The winner of The Birdy Poetry Prize for 2020 is:


Selected Poems: 2000-2020
JC Mehta
Hillsboro, OR


Note from the Judge:
“This Selected group of poems illuminates some harsh realities regarding identity. There are poems that smack a consciousness sideways. The poems have a real grit to them. For the reader, each poem will be an eye-opening experience.”

Poet/Professor Stanley E. Banks


Woman with patterned head scarf and large red earrings.
JC Mehta - The Birdy Poetry Prize Winner, 2020
(photo courtesy of JC Mehta)

JC Mehta’s Selected Poems: 2000 – 2020 is comprised of two decades of writing with an intense focus on space, place, and confession in post-Colonial America. Edited and curated by Brenna Crotty of CALYX journal, Selected Poems reflects one poet’s journey as a citizen of the Cherokee Nation through a search for identity and peace.

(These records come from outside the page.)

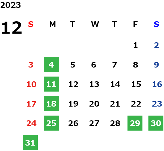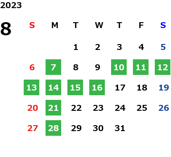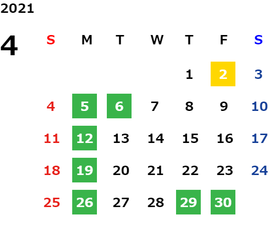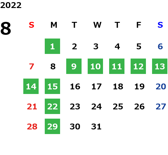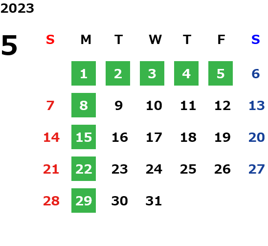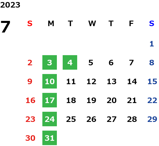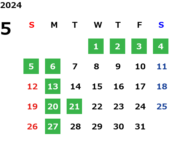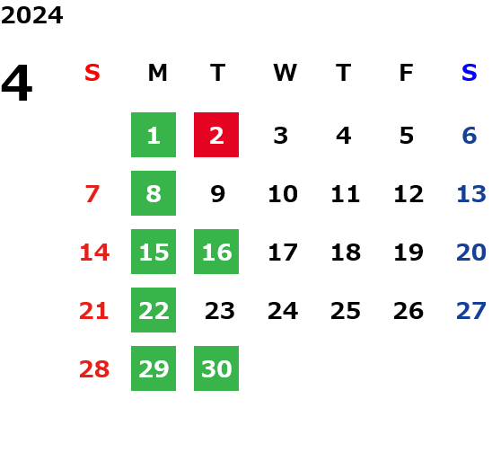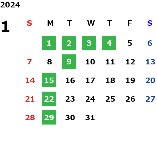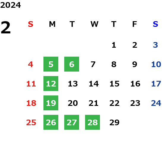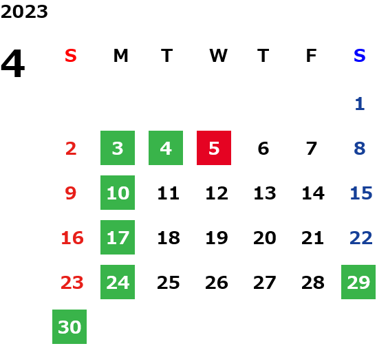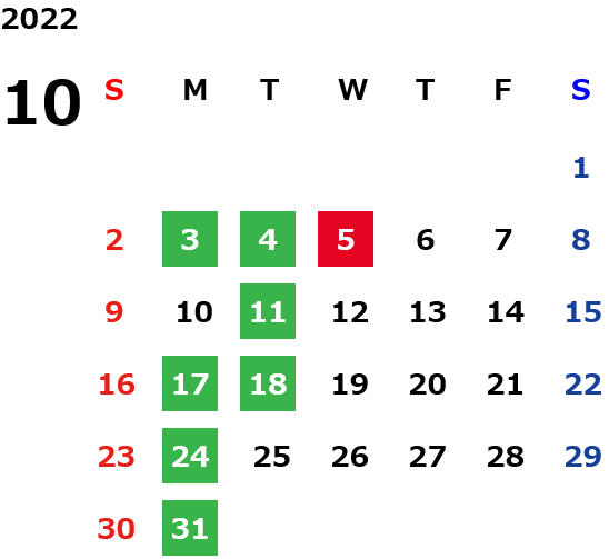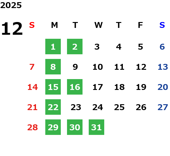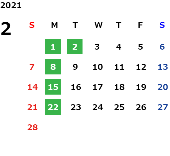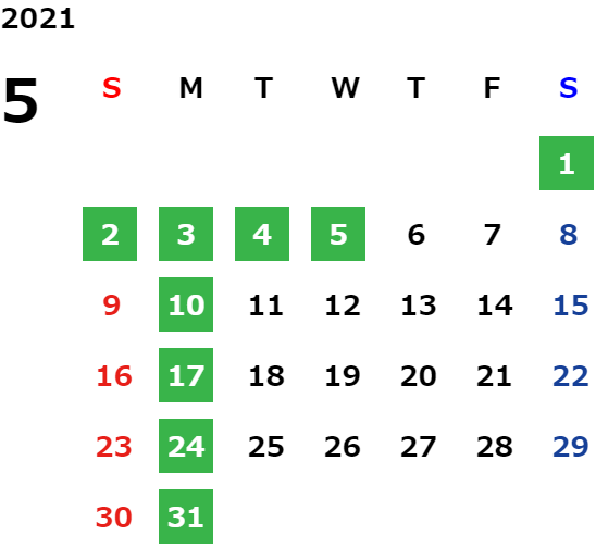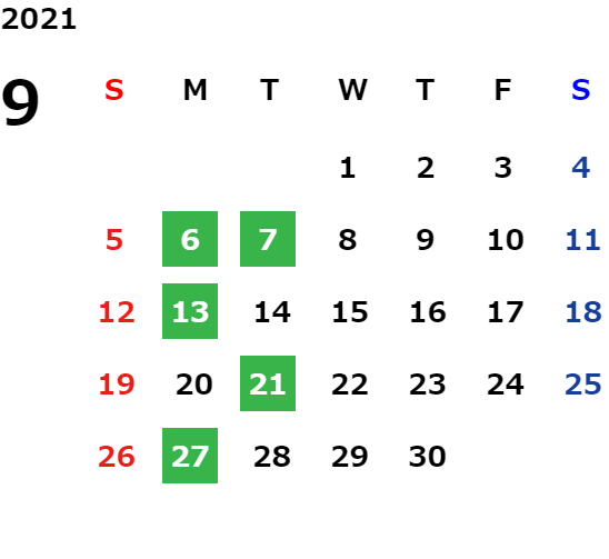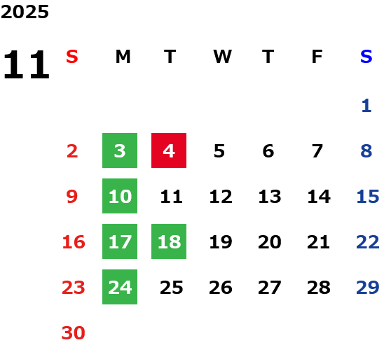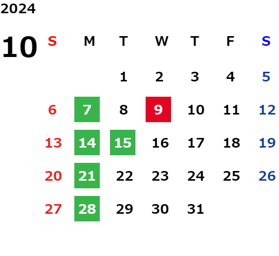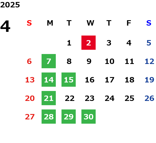 月曜定休日を基本としておりますが、不規則でお休みを頂く場合もございます。定休日の詳細は営業日カレンダーをご参照ください。
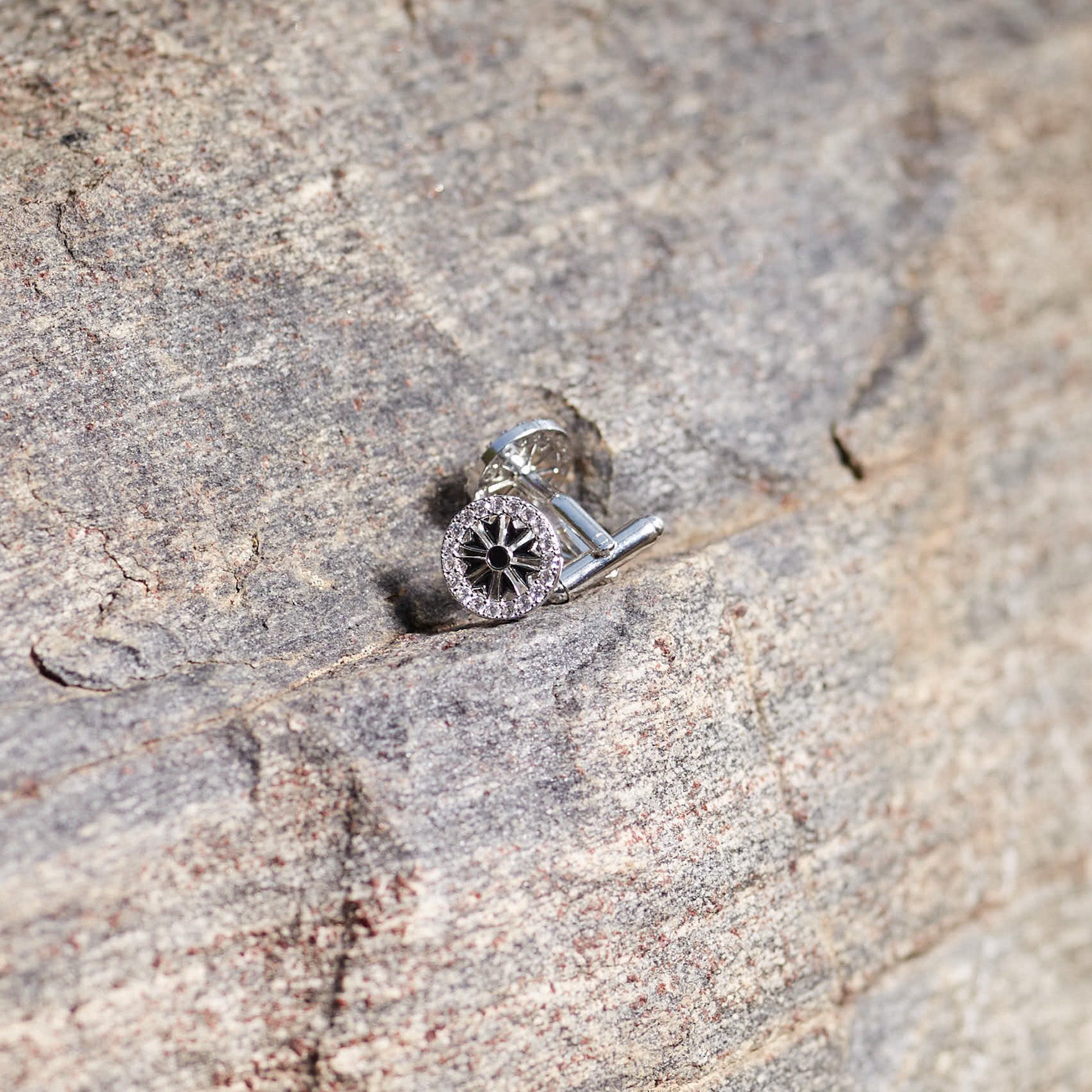 Gye Nyame adinkra cufflinks in silver/ enamel and sparking zirconia
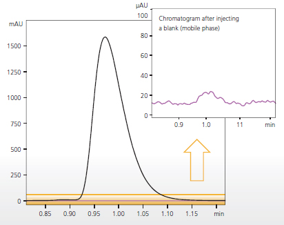 Excellent reproducibility for low injection volume less than 1 μL, wide range of linearity range and ultra-low carryover (<0.0025%) improve the reliability of data, especially for analyses of precious biological samples and direct analyses of concentrated samples.
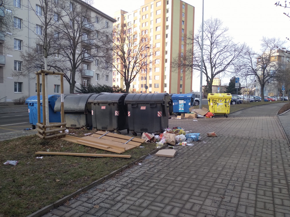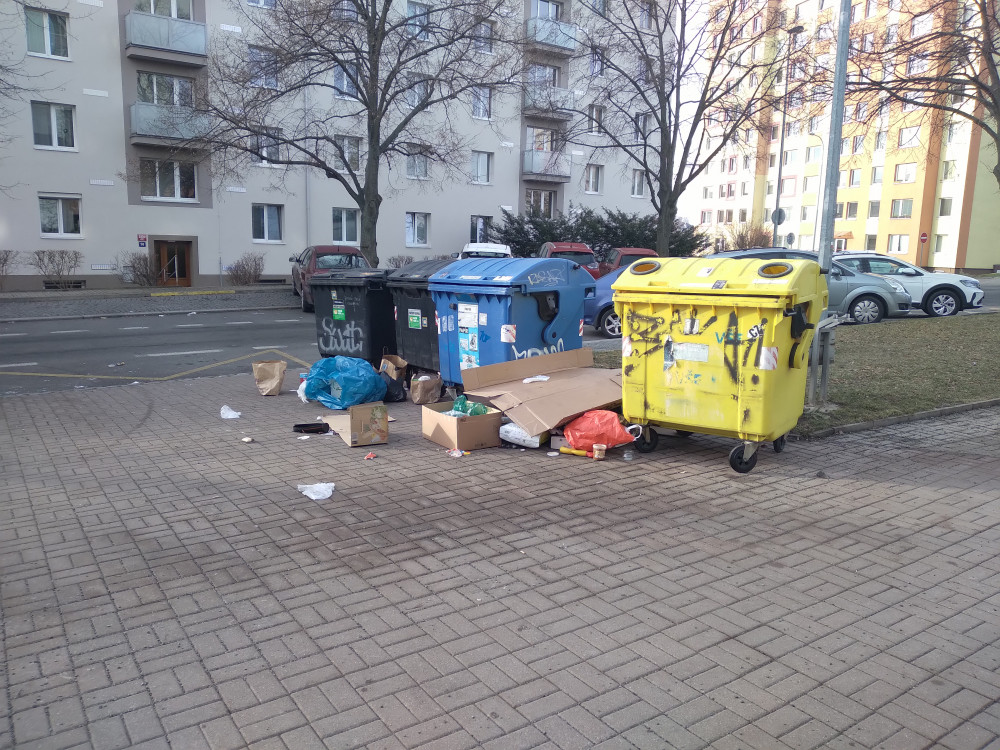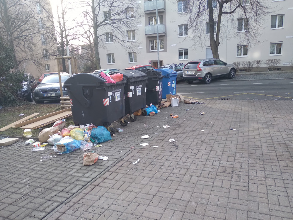 děkujeme za Váš podnět. Za pořádek okolo popelnic/kontejnerů je odpovědný jejich vlastník. V případě černých popelnic/kontejnerů na směsný odpad to bývá zpravidla majitel přilehlého domu (adresa domu by měla být uvedena na nálepce na popelnici). V podobných případech se obracejte přímo na majitele domu, příp. na hygienickou stanici nebo na policii. Děkujeme za pochopení.
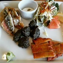オリオンビールとおつまみ盛り合わせを。グルクンも天ぷらもおいしかったです。
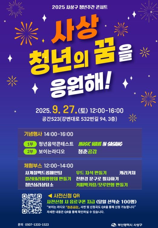 사상구 관계자는 “청년의 날을 맞아 개최되는 이번 청년 주간 행사가 청년들이 직접 주인공이 되는 자리이자 서로 소통하고 공감하며 청년의 꿈을 응원하는 축제가 되길 바란다”고 말했다.
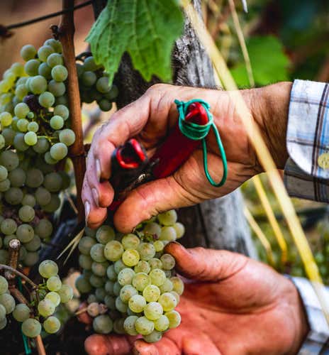 Finally, we will move on to the tasting room, a cosy environment with a wonderful view of the vineyard. If the weather is favourable, we will sit outside on the panoramic patio. Here we will taste two wines from the classic line from the vineyards we visited, discovering how care for organics and experimentation have led to the creation of excellence.
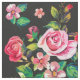 This elegant, girly, boho chic, vibrant colourful blossom garden roses and spring flowers, watercolor paint on a dark grey background, is perfect for everyday wear, home decor or special occasions. A romantic, unique, stylish, vibrant, happy, young, modern, pretty, vintage collection of roses, flowers, leaves, in pink, blue, teal, yellow, purple, black, grey, white illustration image.
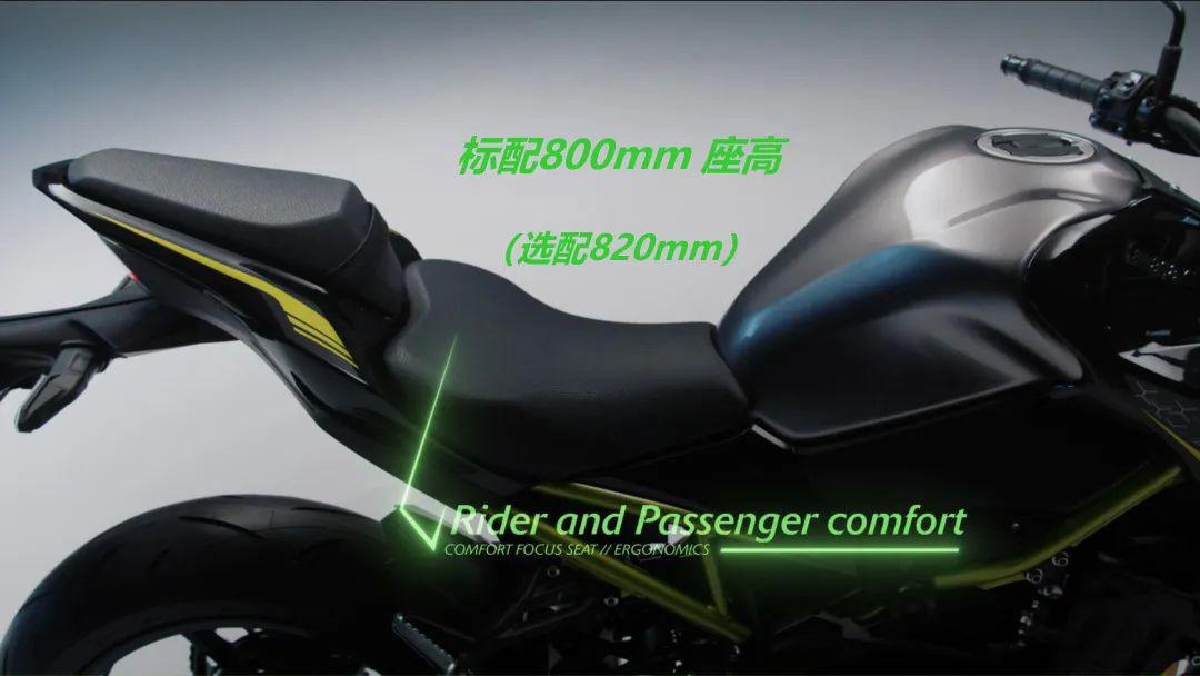 2020款 Z900 對新手來說坐高非常友好,標配坐高為800mm,也可選配820mm。
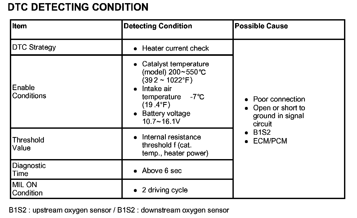If the internal resistance of heater is over the threshold value under enable conditions ECM/PCM sets DTC

Congratulations also to our finalists and semi-finalists. Each of these manuscripts is deserving of recognition.


FINALISTS

Kansas Poems
Brian Daldorph
Lawrence, KS


Once and Future Selves
Melissa Fite Johnson
Lawrence, KS


When to Ask for Rain
Tyler Robert Sheldon
Baton Rouge, LA


Praise the Lord and Pass the Medication
Brenda White
Emporia, KS



SEMI-FINALISTS


The House that Grief Built
Ramona Vreeland McCallum
Garden City, KS


Head of a Gorgon
Reaegen M. Pietrucha
Gainsville, FL


This World, Not the Next
William Sheldon
Hutchinson, KS


Memory’s Gate
Pamela Yenser
Albuquerque, NM



Man in front of microphone.
Stanley E. Banks (photo by Kevin Rabas)
ABOUT THE JUDGE

The poet Stanley E. Banks grew up around 12th and Vine in Kansas City, and was the first in his family to go to college. Now he’s an artist in residence at Avila University, where he teaches others to express themselves through writing. In his own work, Banks captures the music, misery and hope of a youth spent in the urban core. The first 25 years of his poetry is collected in the book Blue Beat Syncopation, published by Bookmark Press.